Is there such a thing as branchless move generation?

johnhamlen · Post by **johnhamlen** » Thu Jun 07, 2012 9:50 pm

I'm starting to write the prototype of a move generator to run on GPUs. It's for monte-carlo game simulations so I can allow myself certain simplifications without affecting performance too much e.g. no underpromotions and no ep-captures, but to fit nicely into a GPU compute environment, there are two horrible constraints:
1) Low memory footprint (bye-bye big lookup tables), and
2) The code should be branchless.

Sadly, branchless code and avoiding big lookup tables seem to be rather incompatible.

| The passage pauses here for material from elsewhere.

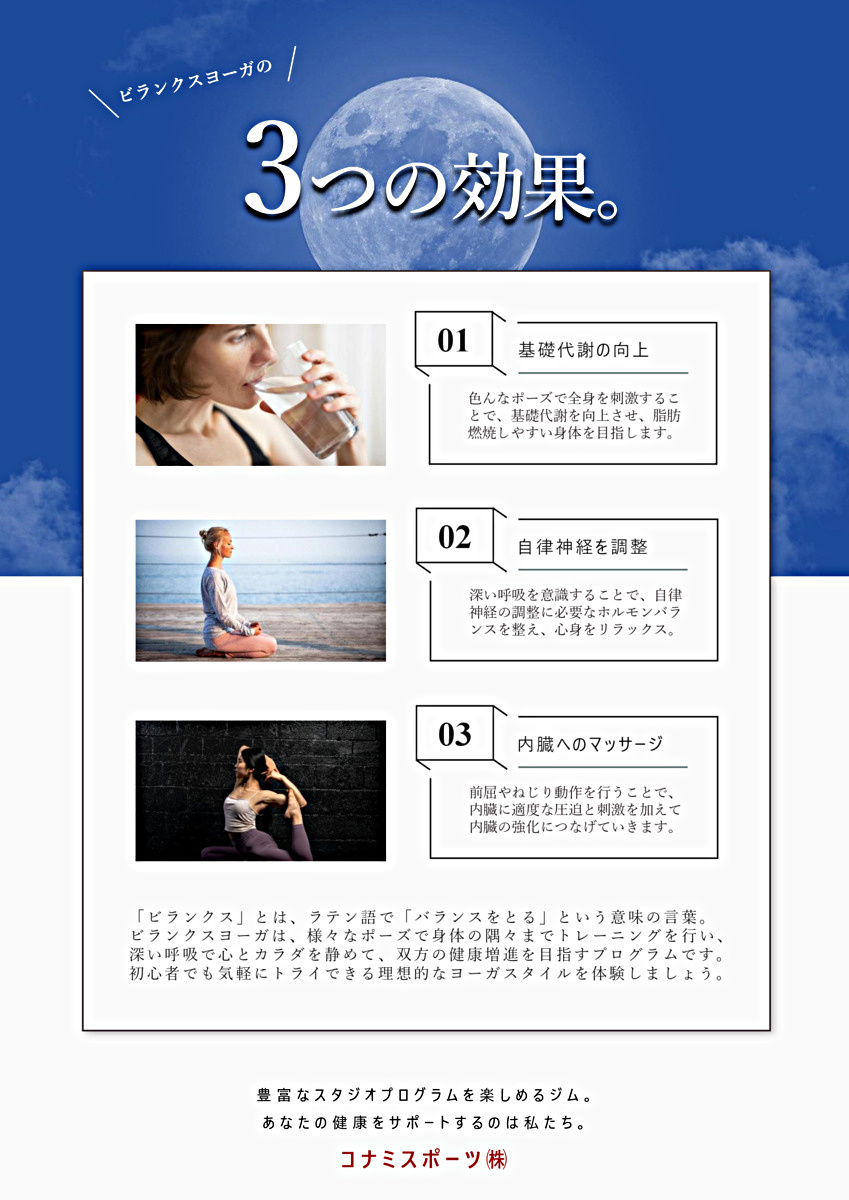 〔ビランクス〕とは、ラテン語で「バランスをとる」という意味の言葉です。様々なポーズでご自身の体の調子を、自分で整えて向上させていきます。週に一度だけ、ご自身のためのマインドフルネスとリラクゼーションを行ってみませんか ? お気軽に施設までお問い合わせください。

Has anyone tried writing a completely branchless move generator? It's an interesting thought experiment e.g. some how treating non-sliding pieces as sliding pieces of range 1 etc. - but has it ever been done? Is it even possible to generate non-sliding, sliding, promotion and pawn moves with the same instructions with the only difference being the data/masks etc. I think it is, but haven't proved it with any code yet!

Many thanks,
John

Gerd Isenberg · Post by **Gerd Isenberg** » Thu Jun 07, 2012 10:44 pm

Hi John,

Direction-wise move generation can be done almost branchless without any lookups but pure SIMD register computation with fill algorithms aka Kogge-Stone for sliding piece attacks.

Another related cpw link:
Hashing Multiple Bits

Cheers,
Gerd

johnhamlen · Post by **johnhamlen** » Fri Jun 08, 2012 12:18 am

Cheers Gerd, you're a star. What a wonderful resource your CPW is!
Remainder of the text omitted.